An exact copy is the goal: every line from the one containing "so sézamom 🙂" to the end of the material below, pictures excluded.

[Data]
======

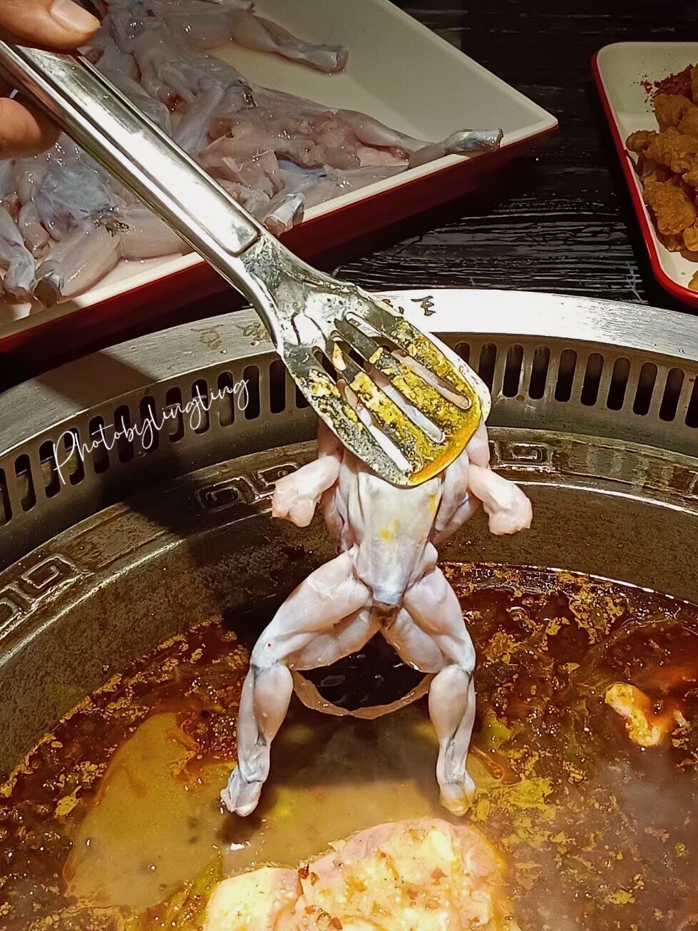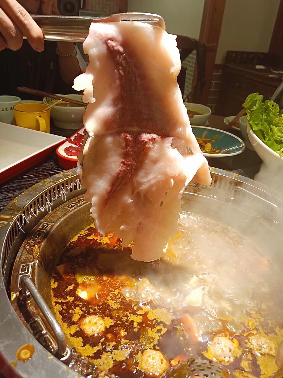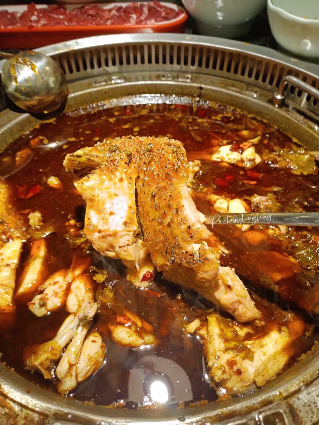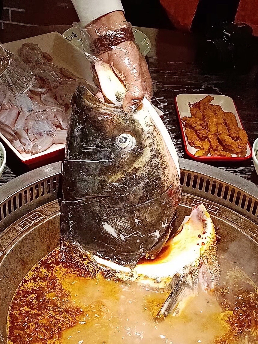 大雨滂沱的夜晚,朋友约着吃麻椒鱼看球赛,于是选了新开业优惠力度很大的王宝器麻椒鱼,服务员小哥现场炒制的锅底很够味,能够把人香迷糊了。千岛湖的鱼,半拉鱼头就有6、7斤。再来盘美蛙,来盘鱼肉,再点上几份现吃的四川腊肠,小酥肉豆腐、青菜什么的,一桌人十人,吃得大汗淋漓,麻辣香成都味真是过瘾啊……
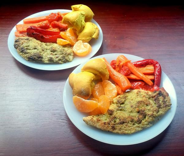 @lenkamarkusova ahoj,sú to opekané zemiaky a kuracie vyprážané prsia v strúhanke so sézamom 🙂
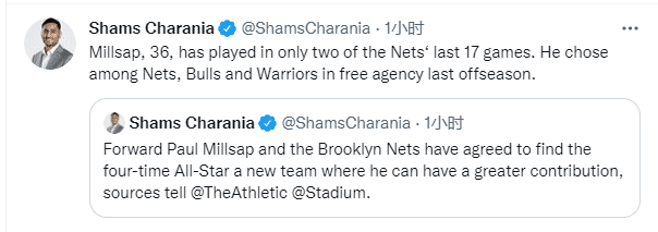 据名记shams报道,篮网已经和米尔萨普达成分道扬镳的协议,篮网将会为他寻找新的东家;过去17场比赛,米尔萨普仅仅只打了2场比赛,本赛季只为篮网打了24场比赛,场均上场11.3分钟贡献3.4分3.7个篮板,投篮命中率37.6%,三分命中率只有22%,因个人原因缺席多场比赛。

======

[Output for this task]
 @lenkamarkusova ahoj,sú to opekané zemiaky a kuracie vyprážané prsia v strúhanke so sézamom 🙂
 据名记shams报道,篮网已经和米尔萨普达成分道扬镳的协议,篮网将会为他寻找新的东家;过去17场比赛,米尔萨普仅仅只打了2场比赛,本赛季只为篮网打了24场比赛,场均上场11.3分钟贡献3.4分3.7个篮板,投篮命中率37.6%,三分命中率只有22%,因个人原因缺席多场比赛。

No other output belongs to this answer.